New Research - Oral Antibiotics and preterm labour /
rupture of membranes
Research published in the Lancet on 18 September 2008 suggested that low-dose oral antibiotics given to pregnant women to delay premature birth might cause long-term harm to their babies.
How this study relates to antibiotics prescribed against GBS
It doesn’t. Antibiotics given to mothers and babies for GBS infection are given intravenously and in large doses so that the infection is properly treated. The study published in the Lancet related to giving low-does oral antibiotics to mothers who were in threatened preterm labour, or who had preterm prelabour rupture of the membranes. The mothers had no obvious signs of infection. The study results do not apply to giving antibiotics to mothers with actual infections in pregnancy. Mothers who have evidence of infection should always be prescribed antibiotics. In such situations, antibiotics can be life saving, and with holding antibiotics can have serious consequences.
The Lancet study suggested a small increase in the absolute numbers of babies developing cerebral palsy if the mother had threatened preterm labour and was given low-dose oral antibiotics (about 1 in 60-80 babies), but not for preterm prelabour rupture of membranes, suggesting that there is something about threatened preterm labour that interacts with the antibiotics to cause the problem. For example, it might in some cases be due to “hidden” infection in the womb that is suppressed, but not eradicated, by taking low-dose oral antibiotics, thus keeping the baby in a damaging environment for longer. This effect is unlikely to apply to mothers prescribed oral antibiotics for group B Strep (GBS) in the urine, because the bugs are not in the womb and the risk from not treating an active urinary infection is substantial. The antibiotics associated with the risk (amoxicillin, erythromycin) are both broad spectrum (affecting many bacteria), unlike penicillin (which has a more targeted effect), and they were given for up to ten days (not just in labour).
If you are worried, you should speak with your midwife, GP or obstetrician.
What the study covered:
This study only included women with no sign of any infection for whom:
o labour had started early (preterm labour) and
o whose waters had broken early (premature rupture of membranes)
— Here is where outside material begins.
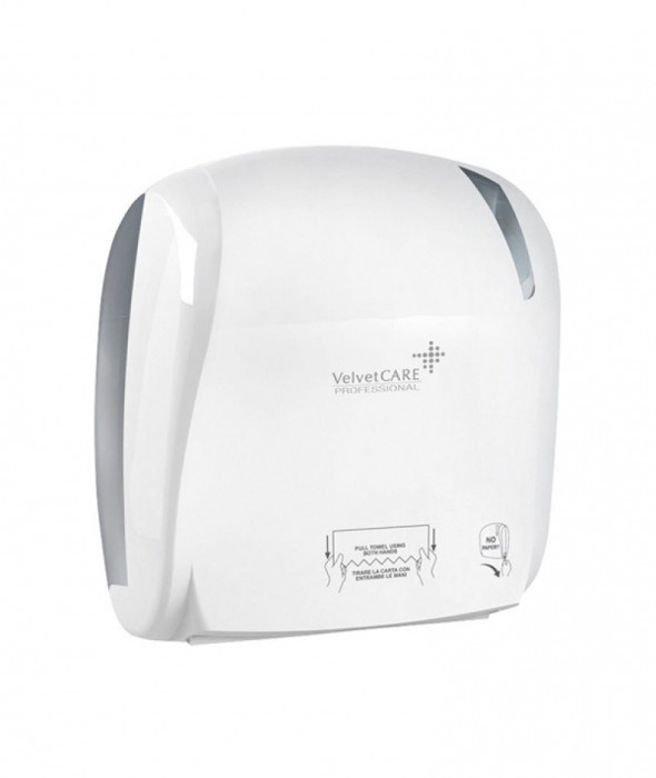 podajnik do ręczników Velvet 150m każde pociągniecie ręcznika dozuje 27cm. przy 150m rolce jest to 555 „listków” wymiary produktu (wys/gł/szer): 371x221x330 mm waga: 2,7 kg materiał ABS (osłona), MABS (spód i okno) kolor: biały zasilanie mechaniczne

The mothers in the study would not usually have been given antibiotics (as the study excluded any
women who had any indication of infection). The trial was looking to establish whether oral antibiotics given in either of the situations described above would be beneficial to the baby.
The original study, published in 2001, found that oral antibiotics given to mothers in early labour and whose waters had broken was possibly beneficial in prolonging the pregnancy and reducing infection, respiratory difficulties, and abnormal brain scans in the baby. It also found that there was no benefit to the baby when the mother had oral antibiotics in preterm labour when her waters hadn’t broken,
although there was a lower occurrence of infection in the mother.
The new study found that, at age seven, children born to mothers who were given oral antibiotics for early labour (but whose waters hadn’t broken) had an increased risk of cerebral palsy. There was no
increased risk for those given oral antibiotics for early labour when their waters had broken. The reason for this difference is unknown.
In a statement, the Royal College of Obstetrician & Gynaecologists says, “These findings do not mean that
antibiotics are unsafe for use in pregnancy. Pregnant women showing signs of infection should be treated promptly with antibiotics …. Antibiotics should also therefore be used if there are indications for the prevention of maternal or neonatal infection.”